# D&D 5E I come from the Net



## Plokman

Hello everyone,
My name is Plokman and I have been looking all over for a 5E compatible Cyberspace setting, like Tron or the Tv series Reboot. So far I have only found Code Warrior's and I plan to grab that as soon as I can, but I want to work on playing in current DnD first since not everyone I play with will be up to switch to another game style right away.

So I thought I would ask around here, forgive me if I posted this in the wrong place too. Wasn't 100% positive on where to post a question like this, I mean it is DnD I am talking about but at the same time it is a setting not of DnD fantasy style (unless you have a GameCube land on you and it is swords and knights. Haha) but if I have misposted please help me get back on the rule track please.

I wouldn't want to get into trouble without a party.


----------



## dave2008

Plokman said:


> Hello everyone,
> My name is Plokman and I have been looking all over for a 5E compatible Cyberspace setting, like Tron or the Tv series Reboot. So far I have only found Code Warrior's and I plan to grab that as soon as I can, but I want to work on playing in current DnD first since not everyone I play with will be up to switch to another game style right away.
> 
> So I thought I would ask around here, forgive me if I posted this in the wrong place too. Wasn't 100% positive on where to post a question like this, I mean it is DnD I am talking about but at the same time it is a setting not of DnD fantasy style (unless you have a GameCube land on you and it is swords and knights. Haha) but if I have misposted please help me get back on the rule track please.
> 
> I wouldn't want to get into trouble without a party.



There is a Wiki on this site which list official and 3rd party settings for 5e.  There are few Sci-fi settings listed (there are several lists so keep scrolling!):

5e Games and Settings


----------



## aco175

@Plokman welcome to the site, hope you find what you are looking for.  I think there are some remakes of a Modern or Cyberpunk games, but I do not play this style and are not much help.


----------



## Plokman

aco175 said:


> @Plokman welcome to the site, hope you find what you are looking for.  I think there are some remakes of a Modern or Cyberpunk games, but I do not play this style and are not much help.



Thank you for the warm welcome. DnD is great indeed, trying to it after a two year break. My head has been kinda everywhere, but this year I am getting back on track, including my big project. 
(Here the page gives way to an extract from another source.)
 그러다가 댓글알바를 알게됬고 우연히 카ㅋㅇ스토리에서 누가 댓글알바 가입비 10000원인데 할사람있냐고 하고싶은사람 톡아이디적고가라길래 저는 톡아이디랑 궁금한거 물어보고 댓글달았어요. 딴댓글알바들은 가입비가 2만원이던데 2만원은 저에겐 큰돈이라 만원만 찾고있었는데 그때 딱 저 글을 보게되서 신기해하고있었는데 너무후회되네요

I am going to start a Toy and Comic company, through Patreon and YouTube. I know it sounds naive but I have seen dreams become reality this way and I look at it as a modern A.C. Gilbert.


----------



## Plokman

dave2008 said:


> There is a Wiki on this site which list official and 3rd party settings for 5e.  There are few Sci-fi settings listed (there are several lists so keep scrolling!):
> 
> 5e Games and Settings



Can't find any that work on that list. Also sorry for double posting, I checked the list after my prior post and saw no Digital Realm fantasy. Hope this is ok just once. No double posting again.


----------



## dave2008

Plokman said:


> Can't find any that work on that list. Also sorry for double posting, I checked the list after my prior post and saw no Digital Realm fantasy. Hope this is ok just once. No double posting again.
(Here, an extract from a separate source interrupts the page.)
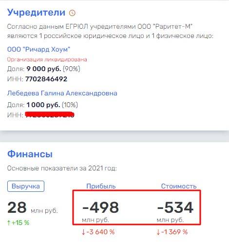 При выручке в 2021 г. 28 млн руб. компания понесла убыток 498 млн руб. и отрицательный капитал составил 534 млн руб. В плюс никогда не работала. Все деньги уходили в офшоры ООО «Ричард Хоум», за которыми могла стоять Надежда Гришаева, бывшая баскетболистка и спутница Игоря Лебедева, сына Владимира Жириновского.

OK, can you clarify what you want then?  I know Tron, but I am not familiar with your other point of reference.  So, in your own words, what type of setting are you looking for?


----------



## Plokman

dave2008 said:


> OK, can you clarify what you want then?  I know Tron, but I am not familiar with your other point of reference.  So, in your own words, what type of setting are you looking for?



Hmm well reboot is much like Tron, biggest difference is the characters don't know if the User is real, Games drop into the system. Which ones do you recommend for a Tron/ Live inside the computer setting? All the ones I saw on the list were more like the Matrix and not like Tron at all. 
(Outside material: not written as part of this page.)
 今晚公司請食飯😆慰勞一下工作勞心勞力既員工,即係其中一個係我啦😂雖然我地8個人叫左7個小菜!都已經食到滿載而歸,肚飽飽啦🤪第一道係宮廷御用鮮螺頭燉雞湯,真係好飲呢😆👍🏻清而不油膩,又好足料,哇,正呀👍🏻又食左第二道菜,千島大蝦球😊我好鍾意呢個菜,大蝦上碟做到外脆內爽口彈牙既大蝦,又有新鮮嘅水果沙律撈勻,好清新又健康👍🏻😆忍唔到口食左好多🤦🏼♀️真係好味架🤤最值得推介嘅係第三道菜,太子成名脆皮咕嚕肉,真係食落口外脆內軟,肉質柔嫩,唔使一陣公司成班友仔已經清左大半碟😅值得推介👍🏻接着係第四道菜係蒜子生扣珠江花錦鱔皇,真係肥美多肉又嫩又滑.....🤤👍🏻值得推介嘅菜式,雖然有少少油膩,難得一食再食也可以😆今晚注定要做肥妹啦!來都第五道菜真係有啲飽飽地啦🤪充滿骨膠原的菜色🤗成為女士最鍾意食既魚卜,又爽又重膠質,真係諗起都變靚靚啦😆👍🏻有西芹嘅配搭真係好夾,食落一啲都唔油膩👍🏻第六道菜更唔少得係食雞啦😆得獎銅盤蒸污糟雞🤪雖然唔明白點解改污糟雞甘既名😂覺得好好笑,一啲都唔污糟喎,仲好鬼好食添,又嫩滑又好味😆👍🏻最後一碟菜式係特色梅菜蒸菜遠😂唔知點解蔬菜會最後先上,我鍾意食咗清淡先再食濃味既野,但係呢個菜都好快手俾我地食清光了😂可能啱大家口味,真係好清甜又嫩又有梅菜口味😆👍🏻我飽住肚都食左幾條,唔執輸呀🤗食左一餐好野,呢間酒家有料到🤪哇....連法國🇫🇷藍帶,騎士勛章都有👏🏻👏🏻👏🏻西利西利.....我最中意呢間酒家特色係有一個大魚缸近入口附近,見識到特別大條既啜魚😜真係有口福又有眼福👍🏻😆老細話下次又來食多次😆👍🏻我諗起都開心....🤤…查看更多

Also please forgive me if I sounded rude. Was never my intent, thank you for your help always.


----------



## dave2008

Plokman said:


> Hmm well reboot is much like Tron, biggest difference is the characters don't know if the User is real, Games drop into the system. Which ones do you recommend for a Tron/ Live inside the computer setting? All the ones I saw on the list were more like the Matrix and not like Tron at all.



I don't know. To me that is a fluff/lore distinction not a mechanics one, so any of them would work.   Sorry, I guess that is not helpful to you, but I don't really run these type of settings



Plokman said:


> Also please forgive me if I sounded rude. Was never my intent, thank you for your help always.



No worries - I didn't think you were being rude.


----------



## Plokman

dave2008 said:


> I don't know. To me that is a fluff/lore distinction not a mechanics one, so any of them would work.   Sorry, I guess that is not helpful to you, but I don't really run these type of settings
> 
> 
> No worries - I didn't think you were being rude.



Thanks for trying, maybe someone else might have some ideas. Glad I wasn't rude, I hate sounding like that.


----------